Late in the evening of June 12, 1994, an attacker murdered Nicole Brown Simpson and Ronald Goldman. The chief suspect—and soon the only one—was Nicole’s former spouse, the celebrity football player-turned-actor, O. J. Simpson. Prosecutors Marcia Clark and Christopher Darden built their case from photos of a battered Nicole and her diary descriptions of Simpson’s obsessive stalking. He pleaded not guilty and hired a team of celebrity lawyers. They, in turn, hired top forensic experts. Henry C. Lee was among them. He was considered one of the most knowledgeable international experts in contemporary crime scene investigation. As Director of the Connecticut State Police Forensic Science Laboratory in Meriden, Connecticut, he had visited thousands of crime scenes. He also consulted on cases in other jurisdictions.

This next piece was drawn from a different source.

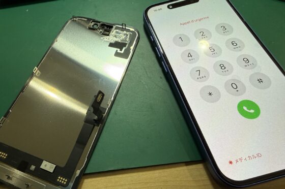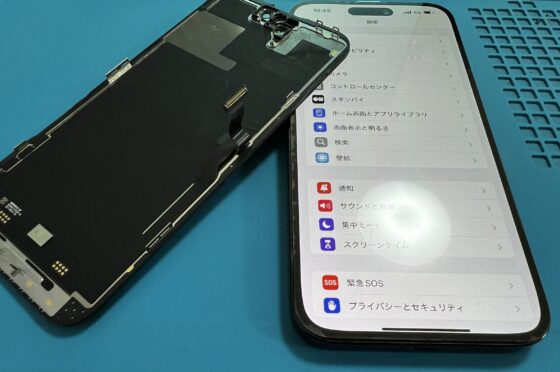 落下衝撃による画面割れ、液晶不良を引き起こしたiPhone14ProMaxのディスプレイ交換修理

The battle over the reliability of the DNA evidence in the Simpson case was dubbed the “DNA Wars,” and as a safeguard, three different labs performed the analysis. All three determined that the DNA in several drops of blood at the crime scene matched Simpson’s. It was a 1 in 170 million match using a method called RFLP, and a 1 in 240 million match using the polymerase chain reaction, or PCR, test. Initially, PCR testing had been considered less definitive, but it was faster and more practical, and by 1995, the testing had become more refined.

Dr. Henry Lee

Lee testified for the defense (just two weeks before Lisa Manderach was killed) that there appeared to be something wrong with the way the blood had been stored and packaged. The prosecution expert stated that the degradation would not hinder accurate analysis. The evidence against Simpson seemed damning, but the defense team introduced racial bias and corruption in the LAPD. After deliberating for less than four hours on October 2, 1995, the jury freed Simpson with a not-guilty verdict. Some trial analysts believed that Lee’s testimony had been instrumental. Thus, Castor was aware that consulting him for the Manderach case could be one more political hot potato.

Nevertheless, Lee’s lab was a leader in this field, especially with PCR analysis, and Castor wanted to take no chances. He’d worked with Lee on a prior death penalty case, so they already had a professional relationship. The Simpson verdict was not yet assured when the decision was made to seek Lee’s assistance.